- Arms of the Obertenghi
- Born: c. 970
- Died: 1029 (Aged c. 58–59)
- Noble family: Obertenghi
- Spouse: Adelaida
- Issue: Albert Azzo II Adela of Savona
- Father: Otbert II, Margrave of Milan
- Mother: Railenda

= Albert Azzo I of Milan =

Italian nobleman

Albert Azzo I (Alberto Azzo or Adalberto Azzo) (c. 970 – 1029) was an Italian nobleman. He was a member of the Obertenghi (or Adalbertini) family. From 1014 onward, he was margrave of Milan and count of Luni, Genoa and Tortona.

==Life==
Albert was the son of Oberto II, count palatine of Milan, and Railenda, daughter of Count Riprand, and widow of Sigfred, Count of Seprio.
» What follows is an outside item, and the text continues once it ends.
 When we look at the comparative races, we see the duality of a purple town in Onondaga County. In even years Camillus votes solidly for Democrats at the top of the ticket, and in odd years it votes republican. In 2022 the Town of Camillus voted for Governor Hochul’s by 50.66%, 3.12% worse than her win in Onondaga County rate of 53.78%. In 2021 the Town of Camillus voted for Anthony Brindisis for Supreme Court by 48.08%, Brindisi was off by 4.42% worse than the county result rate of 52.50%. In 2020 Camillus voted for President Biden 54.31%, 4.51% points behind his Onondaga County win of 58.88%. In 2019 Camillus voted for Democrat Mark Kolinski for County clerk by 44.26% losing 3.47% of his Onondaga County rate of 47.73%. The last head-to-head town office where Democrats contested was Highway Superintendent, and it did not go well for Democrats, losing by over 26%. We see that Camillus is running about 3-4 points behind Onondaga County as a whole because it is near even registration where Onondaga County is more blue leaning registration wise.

Albert is attested in documents between 1011 and 1026. On 10 May 1013, he was acting as a missus in Italy. Also in May 1013 Albert is documented with iudiciaria (the right of justice) in Monselice. In 1014, he inherited the counties of Luni, Tortona, Genoa, and Milan on the death of his father, Otbert II, Margrave of Milan. His holdings were extensive and both feudal and allodial. Albert and his brothers Hugh, Adalbert (IV), and Obizzo all carried the title margrave. Their sister Bertha married Arduin of Italy to ally the Anscarid and Obertenga families. Another sister named Bertha married Ulric Manfred II of Turin. Albert himself married Adela of Sabbioneta, daughter of count Bosone of Sabbioneta.
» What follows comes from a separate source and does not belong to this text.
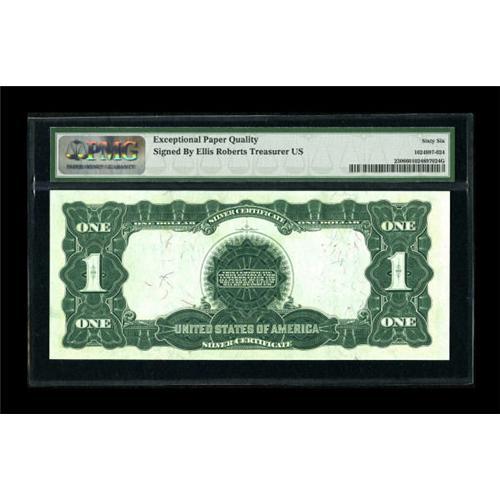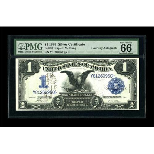 <B>Ellis H. Roberts Courtesy Autograph Fr. 230 $1 1899 Silver Certificate PMG Gem Uncirculated 66 EPQ.</B></I> The four Fr. 230s that we have in this auction and are autographed by Roberts are all consecutive notes and they could also be used to rebuild a cut sheet. This Friedberg number does not have a Roberts engraved signature, but according to the census, this lot is one of only four notes of this Friedberg number that Roberts signed. This is the plate letter B note.<BR><BR><b>Shipping:</b> Coins & Currency (<a target="_blank" href="http://www.heritageauctions.com/common/shipping.php">view shipping information</a>)

At first, Albert and his brothers supported their brother-in-law Arduin against the Emperor Henry II in the war for the Italian throne. In 1014, he did not oppose Henry's imperial coronation, but after Henry left in May, he sought to aid Arduin. Albert was named as one of Henry II's opponents in an imperial diploma issued in July 1014 at Solingen. The diploma indicates that Albert was among those who supported Arduin, and who had assaulted Pavia, Vercelli, and Novara. In 1019, he reconciled with Henry, but in 1022, all four brothers were captured by Henry's forces and Albert submitted. In Spring 1026, Albert joined Ulric Manfred in defending Pavia from Conrad II.

==Marriage and children==
With his wife, Adelaida, Albert had two children:
- Albert Azzo II, founder of the House of Este.
- Adela of Milan, who married Anselm II, margrave of Savona (d. before 1055).

==Sources==

- Ferrabino, Aldo (ed). Dizionario Biografico degli Italiani: I Aaron – Albertucci. Rome, 1960.